35 537 Initiatiefnota van het lid Veldman over structurele weerbaarheid van de medische industrie in crisistijd
Nr. 4 BRIEF VAN DE MINISTER VOOR MEDISCHE ZORG
Aan de Voorzitter van de Tweede Kamer der Staten-Generaal
Den Haag, 6 november 2020
In de procedurevergadering van de vaste commissie voor Volksgezondheid, Welzijn en
Sport van 9 september 2020 is gesproken over de initiatiefnota van het lid Veldman
(VVD) over structurele weerbaarheid van de medische industrie in crisistijd (Kamerstuk
35 537, nr. 2). De commissie heeft verzocht om deze initiatiefnota van een reactie te voorzien.
Hierbij ontvangt u mijn reactie.
Allereerst wil ik mijn waardering uitspreken voor het initiatief van de heer Veldman.
Hij vraagt in zijn nota aandacht voor de internationale afhankelijkheden in de productie
en import van medische hulpmiddelen, persoonlijke beschermingsmiddelen en geneesmiddelen.
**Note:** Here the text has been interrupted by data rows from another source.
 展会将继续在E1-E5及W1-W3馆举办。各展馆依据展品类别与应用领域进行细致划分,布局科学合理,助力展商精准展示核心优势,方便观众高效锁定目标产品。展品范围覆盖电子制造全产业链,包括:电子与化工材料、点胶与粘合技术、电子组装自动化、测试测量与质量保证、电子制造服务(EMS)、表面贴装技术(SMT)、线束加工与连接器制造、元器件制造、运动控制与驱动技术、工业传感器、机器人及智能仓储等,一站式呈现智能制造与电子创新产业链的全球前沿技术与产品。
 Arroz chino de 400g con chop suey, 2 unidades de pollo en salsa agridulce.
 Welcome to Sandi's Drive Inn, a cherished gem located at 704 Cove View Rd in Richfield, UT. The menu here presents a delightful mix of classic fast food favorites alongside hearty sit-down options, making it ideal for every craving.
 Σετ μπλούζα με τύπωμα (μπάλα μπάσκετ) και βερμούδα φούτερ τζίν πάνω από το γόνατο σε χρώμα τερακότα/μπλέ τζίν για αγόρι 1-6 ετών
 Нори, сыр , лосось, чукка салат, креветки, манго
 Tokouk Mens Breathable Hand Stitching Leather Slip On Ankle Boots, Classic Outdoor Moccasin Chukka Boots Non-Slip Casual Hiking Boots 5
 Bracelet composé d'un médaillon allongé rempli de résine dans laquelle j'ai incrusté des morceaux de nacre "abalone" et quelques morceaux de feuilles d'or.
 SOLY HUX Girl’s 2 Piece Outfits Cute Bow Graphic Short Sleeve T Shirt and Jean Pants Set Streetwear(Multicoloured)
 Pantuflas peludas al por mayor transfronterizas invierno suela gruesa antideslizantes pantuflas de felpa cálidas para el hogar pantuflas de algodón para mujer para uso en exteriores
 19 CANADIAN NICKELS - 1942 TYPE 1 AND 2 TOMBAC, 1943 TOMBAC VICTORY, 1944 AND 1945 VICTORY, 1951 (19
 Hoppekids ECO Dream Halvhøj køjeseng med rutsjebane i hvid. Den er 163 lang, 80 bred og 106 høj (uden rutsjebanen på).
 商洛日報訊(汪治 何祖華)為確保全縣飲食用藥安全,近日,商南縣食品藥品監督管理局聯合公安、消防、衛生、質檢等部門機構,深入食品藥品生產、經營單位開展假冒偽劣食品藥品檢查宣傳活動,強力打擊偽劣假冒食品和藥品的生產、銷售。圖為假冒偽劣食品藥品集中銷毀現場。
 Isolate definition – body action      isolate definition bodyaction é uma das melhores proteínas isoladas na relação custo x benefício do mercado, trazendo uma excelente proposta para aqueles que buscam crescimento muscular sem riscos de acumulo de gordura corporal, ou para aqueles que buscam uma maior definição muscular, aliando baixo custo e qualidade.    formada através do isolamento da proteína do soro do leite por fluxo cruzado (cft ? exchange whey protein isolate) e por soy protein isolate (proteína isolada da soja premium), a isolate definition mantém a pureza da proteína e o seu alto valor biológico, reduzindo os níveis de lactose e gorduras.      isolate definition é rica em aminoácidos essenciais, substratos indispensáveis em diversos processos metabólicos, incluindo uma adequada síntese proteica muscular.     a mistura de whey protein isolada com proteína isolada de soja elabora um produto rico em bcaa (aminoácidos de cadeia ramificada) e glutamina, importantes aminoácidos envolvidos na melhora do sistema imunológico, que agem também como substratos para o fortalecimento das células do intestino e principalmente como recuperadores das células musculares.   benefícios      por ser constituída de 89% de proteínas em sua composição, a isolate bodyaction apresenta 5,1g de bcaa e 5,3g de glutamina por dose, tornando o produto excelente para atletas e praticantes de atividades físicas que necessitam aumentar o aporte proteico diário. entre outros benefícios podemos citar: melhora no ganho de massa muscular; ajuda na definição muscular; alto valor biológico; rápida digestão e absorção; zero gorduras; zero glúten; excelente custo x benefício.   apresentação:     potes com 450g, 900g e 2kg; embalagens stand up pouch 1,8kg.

Dit is een belangrijk onderwerp dat, zowel voor als tijdens de coronacrisis, mijn
aandacht heeft. Ik deel namelijk de analyse dat er sprake is van kwetsbaarheden in
handelsketens en onwenselijke afhankelijkheden die Nederland en Europa raken. De coronacrisis
heeft dit extra blootgelegd. We moeten ervoor zorgen dat Nederland in de toekomst,
ook in een crisissituatie, verzekerd is van voldoende, kwalitatief hoogwaardige medische
hulpmiddelen en -apparatuur, persoonlijke beschermingsmiddelen en geneesmiddelen.
Het doel is en blijft daarbij om de leveringszekerheid van deze middelen te borgen.
Al ruim voor de coronacrisis hebben mijn voorgangers, in het bijzonder voor geneesmiddelen,
de afhankelijkheid van Europa van derde landen en de kwetsbaarheid van productieketens
gesignaleerd en op de Europese agenda gezet.
In de coronacrisis werken we samen hard om de gezondheid van kwetsbare mensen te beschermen.
Eén van de zaken die daarbij van groot belang is voor onze volksgezondheid, is de
beschikbaarheid van medische hulpmiddelen, persoonlijke beschermingsmiddelen en geneesmiddelen.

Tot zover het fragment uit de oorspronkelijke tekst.